Demandons-nous maintenant pourquoi la Grande-Bretagne, qui a été prospère pendant des siècles, est aujourd’hui tombée dans un tel gouffre socio-économique que, quelle que soit la quantité d’argent imprimée par la Banque d’Angleterre, elle ne se transformera pas en nourriture. Elle n’apportera pas non plus l’abondance d’antan. Selon le célèbre économiste indien, le professeur Utsa Patnaik de l’université Jawaharlal Nehru, pendant la période coloniale, du milieu du XVIIIe siècle à la fin des années 1940, 1,8 milliard d’Indiens sont morts de «privations flagrantes». L’indépendance de l’Inde a été déclarée en 1947. Et le chiffre le plus effrayant est peut-être le suivant : en 1911, l’espérance de vie moyenne en Inde n’était que de 22 ans.

La Grande-Bretagne, mais aussi l’ensemble du monde capitaliste actuel, ont prospéré grâce au retrait de l’argent de l’Inde et d’autres colonies. Elle est ainsi devenue le plus grand exportateur de capitaux au monde, ce qui a contribué au développement industriel de l’Europe continentale et des États-Unis. Sans cela, le boom des infrastructures dans ces pays n’aurait pas été possible.

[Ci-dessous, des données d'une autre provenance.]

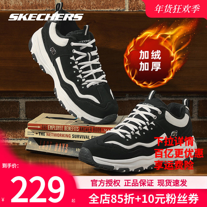 斯凯奇加绒男鞋冬季新款休闲鞋官方正品熊猫运动鞋男士保暖棉鞋子
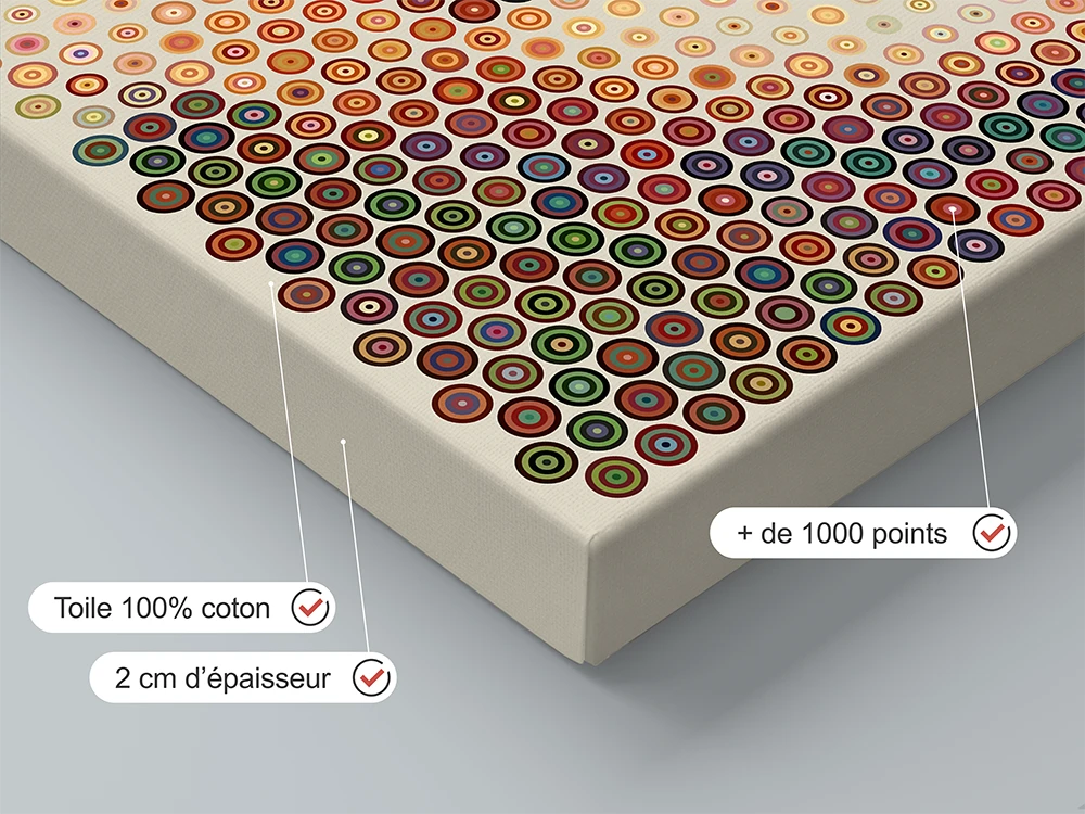 Tableau imprimé sur de la toile 100% coton 380 gr. finition mate, tendue sur un châssis en bois et ajustée avec des clés de tension. Votre tableau est déjà prêt à être directement accroché à votre mur, en vous évitant de prévoir l'achat d'un cadre ou d'attache quelconque.

Rappelons maintenant ce que Spengler a écrit à propos de la Russie : «La Russie est la promesse de la culture à venir, tandis que l’ombre de l’Occident ne cessera de s’étendre.» Ce n’est que maintenant que les Européens commencent à comprendre que les États-Unis les ont «baisés», que les sanctions antirusses que les Américains leur ont imposées ont coûté très cher au Vieux Continent. Le journaliste américain Seymour Hersh, lauréat du prix Pulitzer, a écrit dans sa page sur la plateforme Substack : «La guerre est finie. La Russie a gagné. Il n’y a plus d’offensive ukrainienne, mais la Maison Blanche et les médias américains doivent maintenir le mensonge.»

Qu’est-ce que Borrell a à voir là-dedans ? En général, rien, il n’est qu’un des relais des mensonges occidentaux. Ce n’est pas lui. Cela aurait pu être n’importe qui en Occident. Ce sont tous des «herbivores» aux crocs bien dissimulés. Il en a toujours été ainsi. Et il en sera ainsi tant que l’Occident sera gouverné par des Borrels. Combien de temps encore leur horrible règne pourra-t-il durer ?

La réponse est venue de manière inattendue du même Borrell. L’autre jour, le Haut représentant de l’Union européenne pour les affaires étrangères et la politique de sécurité (c’est ainsi que l’on appelle pathétiquement son poste au sein de la CE) a déclaré avec regret que «les règles qui régissent le monde sont en train de s’épuiser» et que les pays en développement du Sud cherchent «une alternative à l’Occident». Si l’on traduit cette déclaration en russe à partir du langage diplomatique conventionnel pratiqué par Borrell, on pourrait la traduire comme suit : le monde ne veut plus et ne veut plus vivre selon les règles dégradantes que l’Occident a dictées pendant des décennies et des siècles.